● Extracted material:

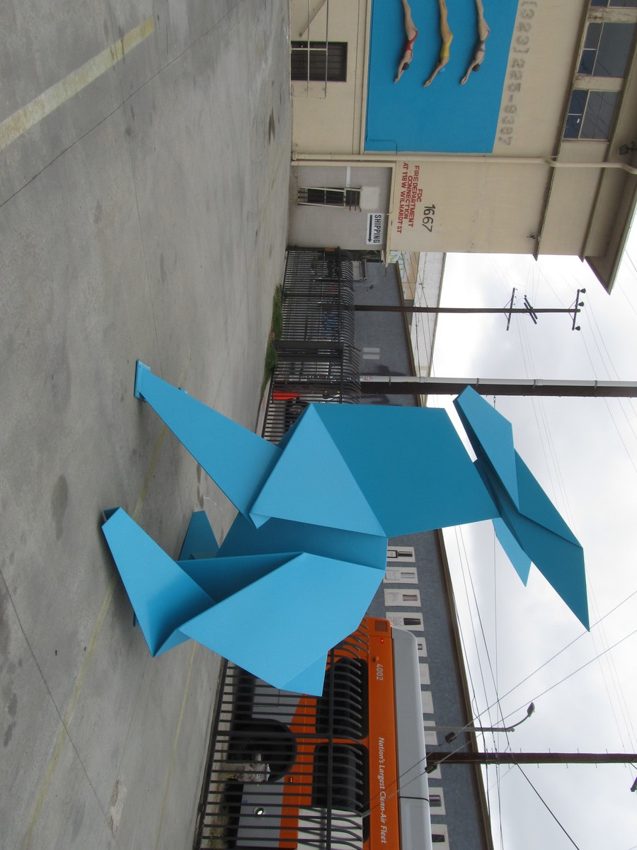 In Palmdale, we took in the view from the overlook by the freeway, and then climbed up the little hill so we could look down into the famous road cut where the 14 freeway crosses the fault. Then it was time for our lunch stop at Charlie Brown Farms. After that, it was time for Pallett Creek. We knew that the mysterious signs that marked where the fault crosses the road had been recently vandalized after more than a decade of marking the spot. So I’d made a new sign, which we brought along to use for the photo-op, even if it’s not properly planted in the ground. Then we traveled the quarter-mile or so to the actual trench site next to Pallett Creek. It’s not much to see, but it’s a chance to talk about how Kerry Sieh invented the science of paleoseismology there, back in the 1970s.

...

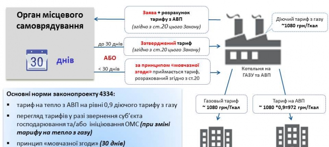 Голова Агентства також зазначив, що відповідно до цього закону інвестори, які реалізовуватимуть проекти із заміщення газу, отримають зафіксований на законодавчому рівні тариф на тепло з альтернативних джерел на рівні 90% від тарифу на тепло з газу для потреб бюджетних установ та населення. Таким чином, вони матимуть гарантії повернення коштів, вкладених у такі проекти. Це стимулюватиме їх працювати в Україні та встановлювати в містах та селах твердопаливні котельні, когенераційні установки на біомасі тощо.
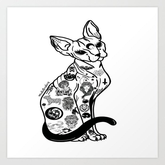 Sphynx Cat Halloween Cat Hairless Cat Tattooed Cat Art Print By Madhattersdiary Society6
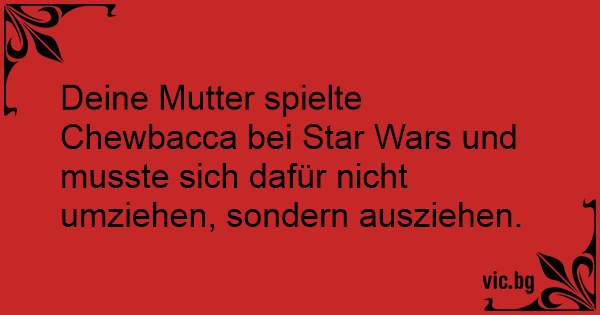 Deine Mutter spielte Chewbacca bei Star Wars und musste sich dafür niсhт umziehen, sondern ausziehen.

● Exercise aim: Copy only this from above: the line containing "Голова Агентства також", the line containing "Deine Mutter spielte", and all lines between, printed exactly. Leave out the pictures.

● Task response:
 Голова Агентства також зазначив, що відповідно до цього закону інвестори, які реалізовуватимуть проекти із заміщення газу, отримають зафіксований на законодавчому рівні тариф на тепло з альтернативних джерел на рівні 90% від тарифу на тепло з газу для потреб бюджетних установ та населення. Таким чином, вони матимуть гарантії повернення коштів, вкладених у такі проекти. Це стимулюватиме їх працювати в Україні та встановлювати в містах та селах твердопаливні котельні, когенераційні установки на біомасі тощо.
 Sphynx Cat Halloween Cat Hairless Cat Tattooed Cat Art Print By Madhattersdiary Society6
 Deine Mutter spielte Chewbacca bei Star Wars und musste sich dafür niсhт umziehen, sondern ausziehen.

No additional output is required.